Pair Trading with Penghua Shenzhen and Jizhong Energy

The main advantage of trading using opposite Penghua Shenzhen and Jizhong Energy positions is that it hedges away some unsystematic risk. Because of two separate transactions, even if Penghua Shenzhen position performs unexpectedly, Jizhong Energy can make up some of the losses. Pair trading also minimizes risk from directional movements in the market. For example, if an entire industry or sector drops because of unexpected headlines, the short position in Jizhong Energy will offset losses from the drop in Jizhong Energy's long position.

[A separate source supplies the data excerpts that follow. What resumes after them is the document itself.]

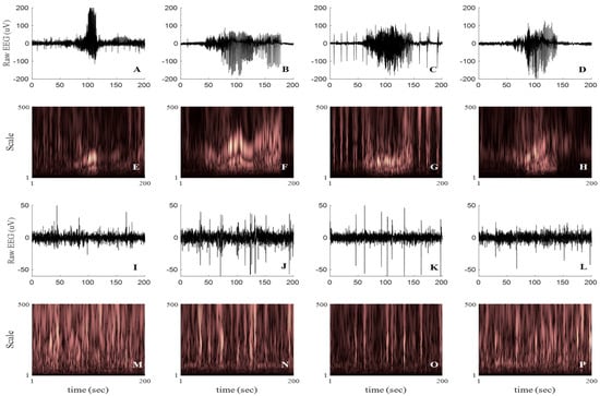 (A–D): Examples of post-HI high-amplitude stereotypic seizures (HASs) in all fetal sheep groups, equal to Figure 1D,E,K,L. (I–L): Examples of post-HI non−HAS EEG segments. (E–H) and (M–P): Examples of the corresponding scalogram images of the HAS and non−HAS EEG segments, respectively, used for training of the seizure detectors. The scalograms were generated using Morlet mother wavelet of scales 1 to 500.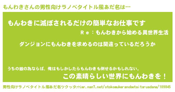 | 女子向けラノベタイトル風あだ名 | 『もんわきは平凡を望む』 |
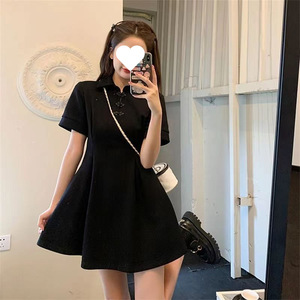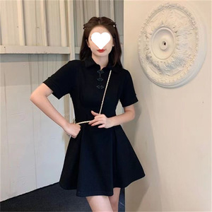 新しい中国風のボタン改良されたチャイナドレス女性の夏プラスサイズファットmmウエスト痩身半袖ポロカラーリトルブラックドレス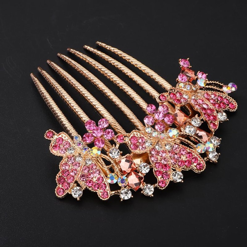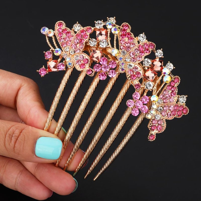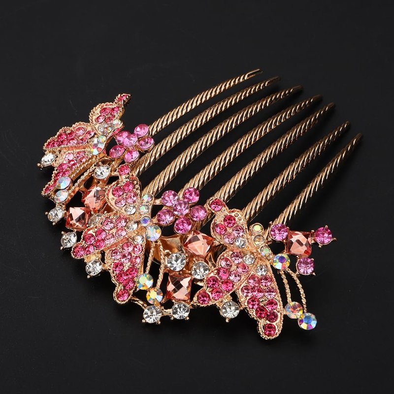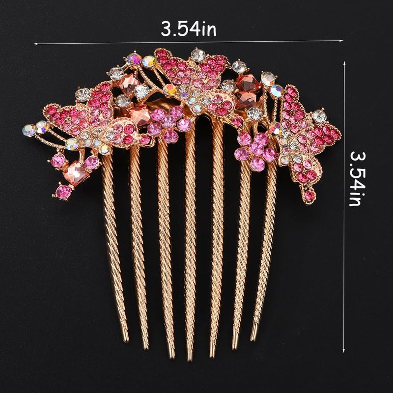 Chargances Butterfly Luxury Crystal Hair Comb Boho Shiny Flower Hair Comb Bridal Wedding Pink Rhinestone Hair Side Combs Hair Accessories Headpiece for Women and Girls (Pink)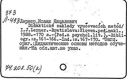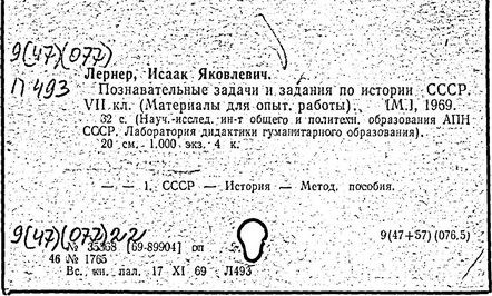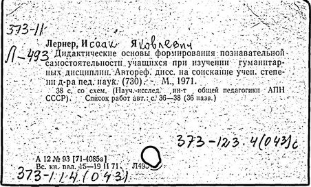 педагог, академик Российской академии образования (1992 г., член-корреспондент Академии педагогических наук СССР с 1990 г.), доктор педагогических наук (1971 г.), профессор (1990 г.). Заслуженный деятель науки РСФСР (1987 г.). Родился в Деражне, ныне в Хмельницкой области Украины. В 1939 г. окончил исторический факультет МГУ. С 1937 г. преподавал в педагогических вузах Москвы, Мичуринска, Воронежа и др. С 1959 г. в системе Академии педагогических наук: в 1964-1970 гг. возглавлял лабораторию дидактики гуманитарного образования, а в 1972-1974 гг. - лабораторию формирования мировоззрения в НИИ общего и политехнического образования. С 1970 г. в лаборатории общих проблем дидактики НИИ общей педагогики. Лернер развил теорию проблемного обучения. Раскрыл дидактические основы и разработал систему методов обучения, которая охватывает информационно-рецептивный, инструктивно-репродуктивный, эвристический, исследовательский, проблемного изложения и метод соотнесения каждого акта обучения с потребностями и мотивами учащихся. Раскрыл связь между методами обучения, организационными формами, средствами и приёмами обучения. Обосновал состав и структуру содержания образования, адекватные социальному опыту, выделив в них кроме знаний, умений и навыков опыт творческой деятельности и опыт эмоционально-ценностного отношения к миру. В 1985-1989 гг. разработал целостную концепцию учебно-воспитательного процесса как системы. Предложил концепцию базового содержания общего образования (1990-1991 гг.). В 1985- 1991 гг. руководил разработкой теории построения современного школьного учебника.

The idea behind Penghua Shenzhen Energy and Jizhong Energy Resources pairs trading is to make the combined position market-neutral, meaning the overall market's direction will not affect its win or loss (or potential downside or upside). This can be achieved by designing a pairs trade with two highly correlated stocks or equities that operate in a similar space or sector, making it possible to obtain profits through simple and relatively low-risk investment.
Check out your portfolio center.
Note that this page's information should be used as a complementary analysis to find the right mix of equity instruments to add to your existing portfolios or create a brand new portfolio. You can also try the Correlation Analysis module to reduce portfolio risk simply by holding instruments which are not perfectly correlated.